Grandma's Prayer Closet Survives EF4 Tornado That Wiped Rest of House to Foundation
Tornadoes are truly terrifying natural disasters. Hurricanes may affect a wider area, but they’re kind of like big, loud bullies.
They announce their arrival days ahead of time and give everyone time to prepare. Tornadoes, though, can pop up seemingly out of nowhere.
And when they hit, they can do incalculable damage in an instant. But as several families throughout the American South know, their destructive power sometimes provides a testimony to God’s grace.
According to WSFA, Crawford Tatum and his loved ones are some of those people. On March 4, a tornado ripped its way into their 200-acre farm.

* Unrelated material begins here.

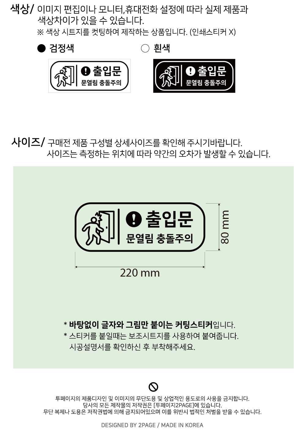 "출입문/ 문열림 충돌주의"출입문에 붙이는 스티커입니다.문이 예상치 못하게 열리며 발생할 수 있는 부딪힘이나 위험을 예방합니다.

Tatum was actually in his truck at the time the twister struck. His son, who had holed up in a barn with Tatum’s grandchildren, urged him not to come nearer.
His daughter-in-law, Payton Tatum, said, “By God’s grace they survived. What we lost is just stuff, it can all be replaced, and it doesn’t really matter in the end.”
The Atlanta Journal-Constitution reported how a group of schoolchildren had an even closer brush with death in McCracken County, Kentucky. On the week of March 17, a tornado struck Mount Zion Baptist Church.
Some 40 preschool-aged children were in the facility when the windstorm struck. The adults quickly hustled them into an innermost room as the twister began to tear the roof from the concrete building.
Preschool director Michelle Rushing explained that the little ones began singing “Jesus Loves Me,” “He’s Got the Whole World in His Hands,” and other children’s songs as the tornado hit. When they exited the room, they had a shock waiting for them.
The storm had flattened the nursery. What’s more, it had ripped the roof from the sanctuary.
According to WJZY, a family in Alabama experienced something even more dramatic in early March. An E4 tornado (one of the strongest types of tornadoes) had hit their house.
Chaplain Jason Smith with Billy Graham’s Rapid Response Team had discovered the building afterward. What he learned utterly shocked him.
The family had taken shelter in their grandmother’s prayer closet, a small section of the home she’d reserved solely for praying to the Almighty. They rode out the storm just fine — but their house didn’t.
When Smith saw the structure, he beheld only a concrete slab swept clean of everything except one small room. That room happened to be the prayer closet.
“Listen to me please,” Smith wrote on Facebook. “I just left a family who survived the tornado in this house and the only left standing is this closet. It’s the grandmother’s prayer closet, and the whole family survived.
“Are you kiddin’ me!!!” Smith continued. “My God is awesome!!! Shout somebody!”